As if only then conscious of her audience, Felicity looked up, and both the other women noticed the expression that flashed across her face before she took the proffered hand. It seemed compounded of triumph, challenge, and something else. Mary again felt uncomfortable, and Constance's quick brain signaled a warning.

“Surely not getting into mischief, are you, Felicity?” she mentally questioned, and instantly began to east about for two and two to put together.

“Wonderful!” Stefan was saying. “You surely must have wings—great, butterfly ones—only we are too dull to see them. You were exactly like one of my pictures come to life.” He was visibly excited.

“Husband disposed of, available lovers unattractive, asks me to drive her out here; that's one half,” Constance's mind raced. “Wife on the shelf, variable temperament, studio in town; and that's the other. I've found two and two; I hope to goodness they won't make four,” she sighed to herself anxiously.

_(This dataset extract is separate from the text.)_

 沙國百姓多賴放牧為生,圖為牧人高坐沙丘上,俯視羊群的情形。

Mary meanwhile was thanking Miss Berber. She noticed that the dancer was perfectly cool—not a hair ruffled by her efforts. She looked as smooth as a bird that draws in its feathers after flight. Stefan was probably observing this, too, she thought; at any rate he was hovering about, staring at Felicity, and running his hands through his hair. Mary could not be sure of his expression; he seemed uneasy, as if discomfort mingled with his pleasure.

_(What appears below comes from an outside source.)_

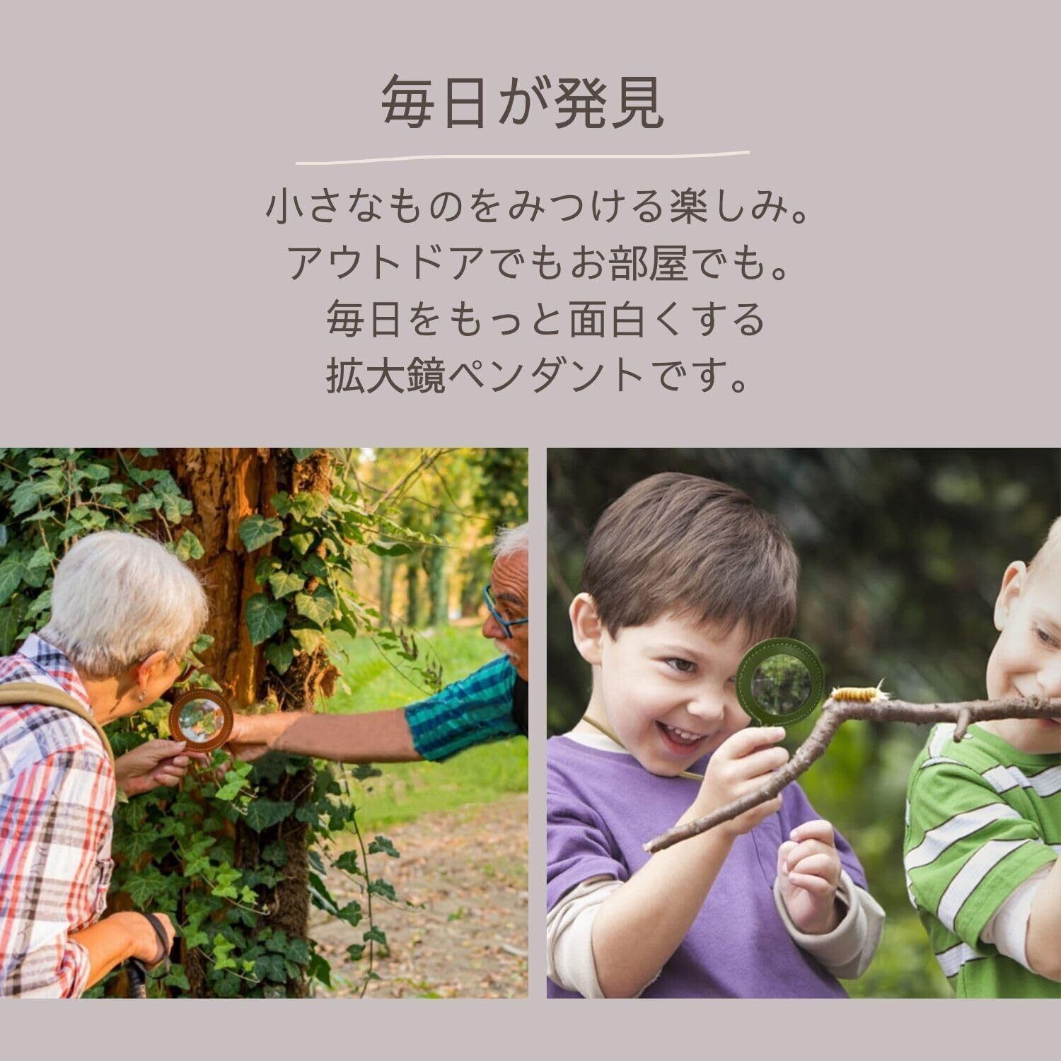 【汚れや水濡れも安心】ヴィーガンレザーだから雨・水・汚れに強く、好奇心旺盛なお子様の知育玩具にもオススメです。ペンダントタイプの虫眼鏡は発見を楽しむおもちゃとして活躍します。

They had had a rare and lovely entertainment, and yet no one appeared wholly pleased except the dancer herself. It was very odd.

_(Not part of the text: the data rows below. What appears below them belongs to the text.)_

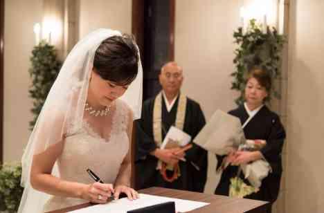 親御様に見守れての仏前式。夫婦の門出を見守っていただき ドレスに着替えてのファーストミート。 家族の時間として、ご家族へ宛てたお手紙朗読。 これからも見守っていてほしいという気持ちを込めて 親御様の前で婚姻届けに署名。
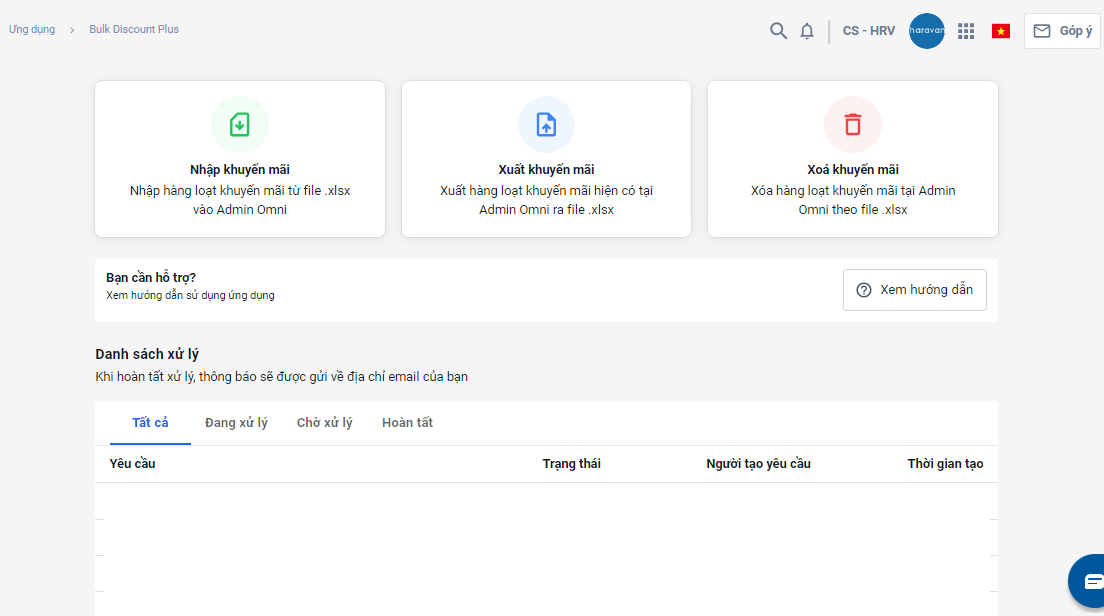 Cài đặt ứng dụng cho tài khoản Haravan
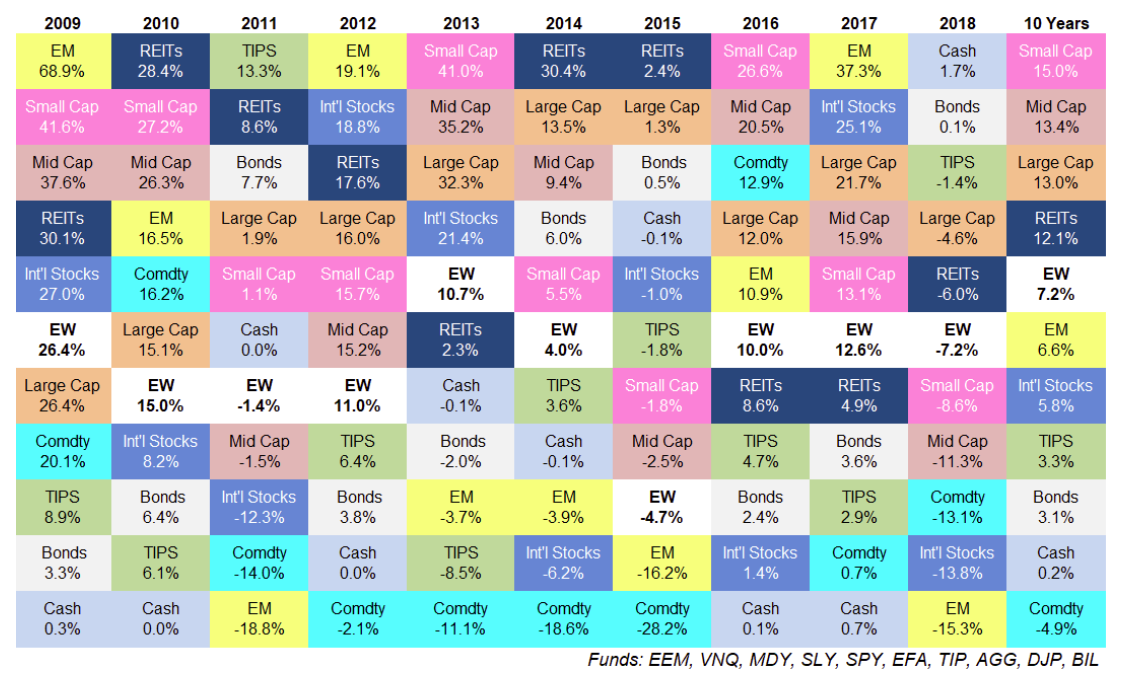 你將會看到EW所在的位置,不管在什麼時期,他不會是最頂尖的報酬,也不會是最差的報酬。保持在一個低波動的變化,這種情況很適合一般大眾投資者,原因在於它可以避免你的情緒起伏而且可以給你不差的報酬,降低了單一持有的風險。而如果你是屬於即將或是退休的成員,那麼這種低波動的組合再適合你不過了。

Constance looked at her watch. “Now, Felicity, this has all been ideal, but we must be getting on. I 'phoned James, you know, and we are lunching there. I was sure Mrs. Byrd wouldn't want to be bothered with us.”

Mary demurred, with a word as to Lily's capacities, but Constance was firm.

“No, my dear, it's all arranged. Besides, you need peace and quiet. Felicity, where are your things? Thank you, Mr. Byrd, in the sitting-room. Mary, you dear, I adore you and your house—I shall come again soon. Where are my gloves?” She was all energy, helping Felicity with her veil, settling her own hat, kissing Mary, and cranking the runabout—an operation she would not allow Stefan to attempt for her—with her usual effervescent efficiency. “I'd no idea it was so late!” she exclaimed.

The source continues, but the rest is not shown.